*WHAT YOU SHOULD DO*. An exact repetition of the data is required; no picture should appear in it.
COLLECTED DATA START
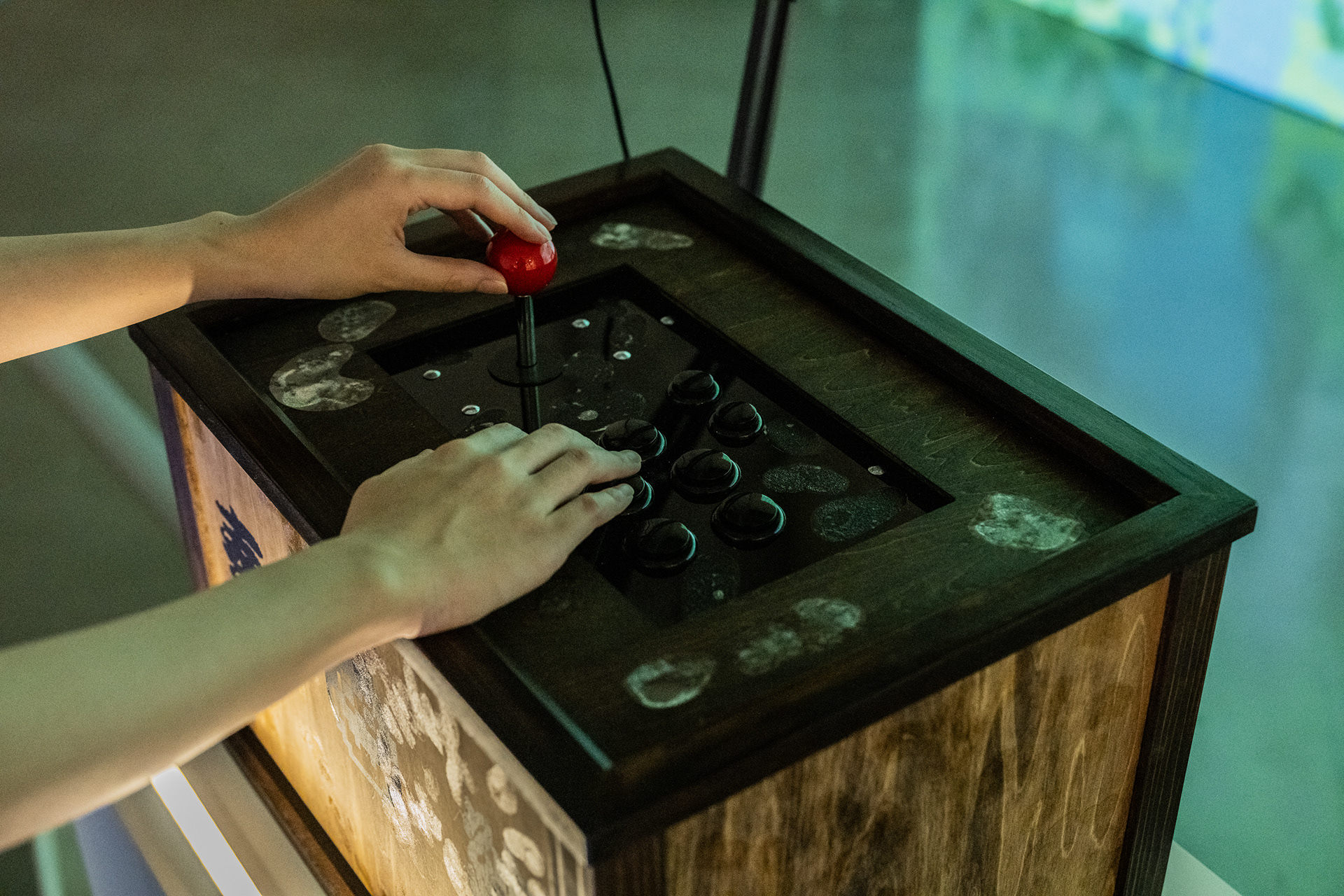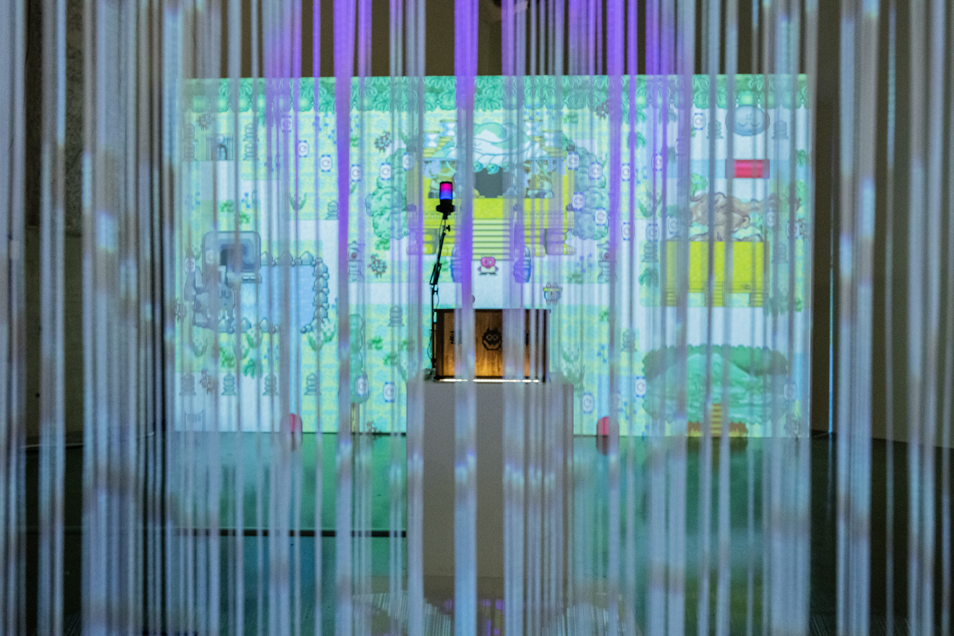 Hyper Shrine (Oni) is a series work that structures acts of worship as an installation. Visitors walk along a mountain path set at the center of the venue and use a controller shaped like a traditional offertory box to operate an oni character displayed on the screen. The oni responds to visitors’ voice input by scattering viruses. Owners of Hyper Shrine NFTs can control the characters they own and enter the same space; however, when they are struck by the oni’s virus, they themselves transform into oni.
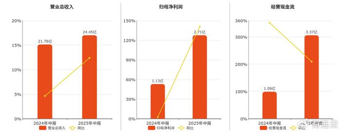 公司营业总收入为24.45亿元。归母净利润为2.71亿元。经营活动现金净流入为3.37亿元。
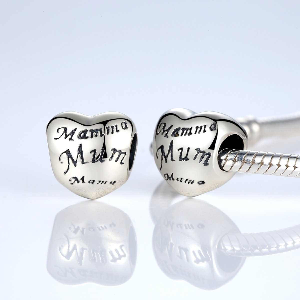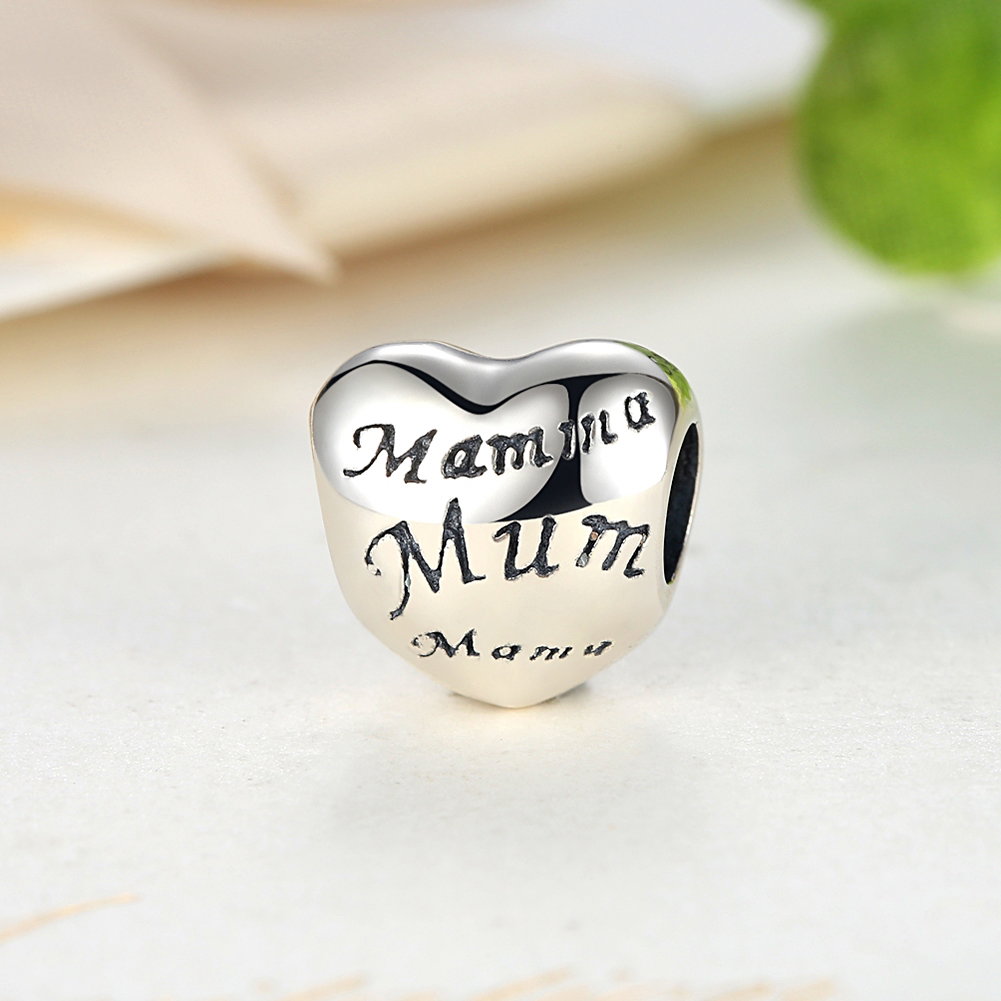 Nimic nu poate sa exprime dragostea decat un talisman din argint in forma de inimioara. Inima este inscriptionata cu Mama, Mum, Mamma. Cu siguranta il vei adora inca din momentul in care il vei purta pentru prima oara, pentru ca este simbolul iubirii.
COLLECTED DATA END
*OUTPUT*.
 Hyper Shrine (Oni) is a series work that structures acts of worship as an installation. Visitors walk along a mountain path set at the center of the venue and use a controller shaped like a traditional offertory box to operate an oni character displayed on the screen. The oni responds to visitors’ voice input by scattering viruses. Owners of Hyper Shrine NFTs can control the characters they own and enter the same space; however, when they are struck by the oni’s virus, they themselves transform into oni.
 公司营业总收入为24.45亿元。归母净利润为2.71亿元。经营活动现金净流入为3.37亿元。
 Nimic nu poate sa exprime dragostea decat un talisman din argint in forma de inimioara. Inima este inscriptionata cu Mama, Mum, Mamma. Cu siguranta il vei adora inca din momentul in care il vei purta pentru prima oara, pentru ca este simbolul iubirii.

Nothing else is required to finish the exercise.